Operating below Wall Street's radar, Europe's biggest defense contractors have been buying up small U.S. aerospace companies in hopes of grabbing a piece of the Pentagon's record defense budget.
The deals have gained little attention because they've been relatively modest, typically valued at about $100 million apiece. But the European buying spree has netted 20 U.S. companies this year, many in Southern California, at a total transaction cost of nearly $2 billion, according to investment bank Houlihan Lokey Howard & Zukin. That's up from nine acquisitions last year and five in 2002.
"The U.S. defense market is the largest in the world," said Jon B. Kutler, chief executive of aerospace investment bank Jefferies Quarterdeck in Los Angeles. "Everybody is positioning themselves to get a bigger bite of that."
The draw is the Pentagon's $140-billion procurement and research budget.

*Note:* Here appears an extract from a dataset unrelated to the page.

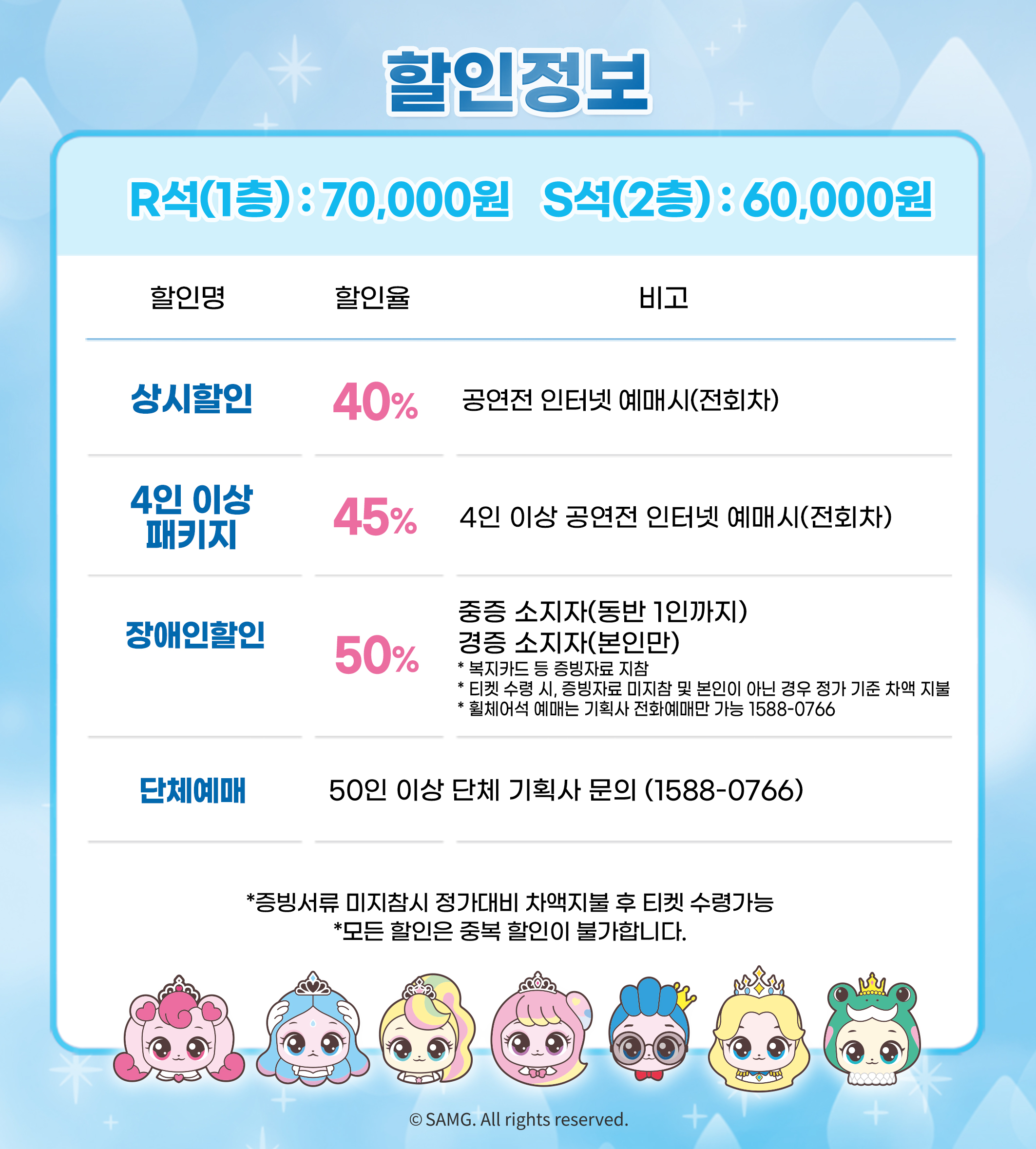 - 예매 후 7일 이내 취소시 티켓 금액 전액이 환불됩니다.(예매 수수료 제외)

It accounts for more than half of worldwide spending on weapons, but most contracts are awarded to defense companies based in the U.S.
That has brought the Europeans to this side of the pond. So far, they've acquired mostly smallish companies because, analysts said, those are less likely to trigger a political backlash; a takeover of a large contractor that does major work for the Pentagon could alarm Congress, which is considering a bill that would restrict awarding military contracts to foreign firms.

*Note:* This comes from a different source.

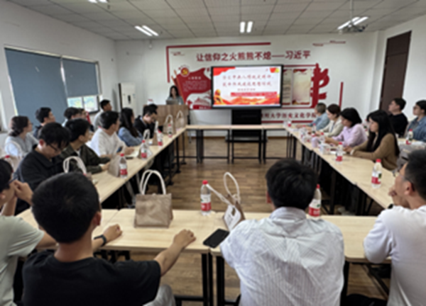 紧接着,四川大学历史文化学院2023级博士党支部书记刘凡领学了中央八项规定精神,西南交通大学土木工程学院优秀硕士党员代表宋雯钰同学则对党的二十届三中全会精神进行了领学。两位代表的讲解内容详实、分析透彻,使在场党员对相关政策精神有了更加深刻的领会。

Although the modest-sized aerospace firms may not generate significant income for their new European owners, they "are important because they allow the European companies to have a U.S. base to bid" for lucrative Pentagon contracts, Kutler said.

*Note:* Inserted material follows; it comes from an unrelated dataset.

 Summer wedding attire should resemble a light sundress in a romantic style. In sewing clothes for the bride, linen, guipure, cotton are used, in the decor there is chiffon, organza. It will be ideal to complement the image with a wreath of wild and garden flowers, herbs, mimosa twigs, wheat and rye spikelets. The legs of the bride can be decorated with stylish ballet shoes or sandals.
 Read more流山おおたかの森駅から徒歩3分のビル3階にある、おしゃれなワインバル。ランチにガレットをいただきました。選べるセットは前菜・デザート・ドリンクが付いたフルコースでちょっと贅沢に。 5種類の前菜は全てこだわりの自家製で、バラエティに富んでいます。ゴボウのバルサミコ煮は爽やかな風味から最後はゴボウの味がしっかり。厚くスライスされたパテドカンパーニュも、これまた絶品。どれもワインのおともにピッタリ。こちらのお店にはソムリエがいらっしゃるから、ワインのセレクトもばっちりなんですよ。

One recent deal that raised some eyebrows came when Europe's largest defense contractor, European Aeronautic Defense & Space Co. made its first U.S. acquisition, gaining Irvine-based Racal Instruments Inc. for $105 million in October.
Racal, a 40-year-old company, designs and makes devices to test a variety of electronic equipment, including cellular phones, jet engine components and radar gear used in military planes, helicopters, missiles and other weapons systems. The company employs about 320 workers at facilities in Irvine and San Antonio and is expected to generate about $84 million in sales this year.
The Racal deal was notable because EADS, a Dutch-based consortium, also owns 80% of Airbus, which in 2003 surpassed Chicago-based Boeing Co. as the world's largest commercial aircraft maker.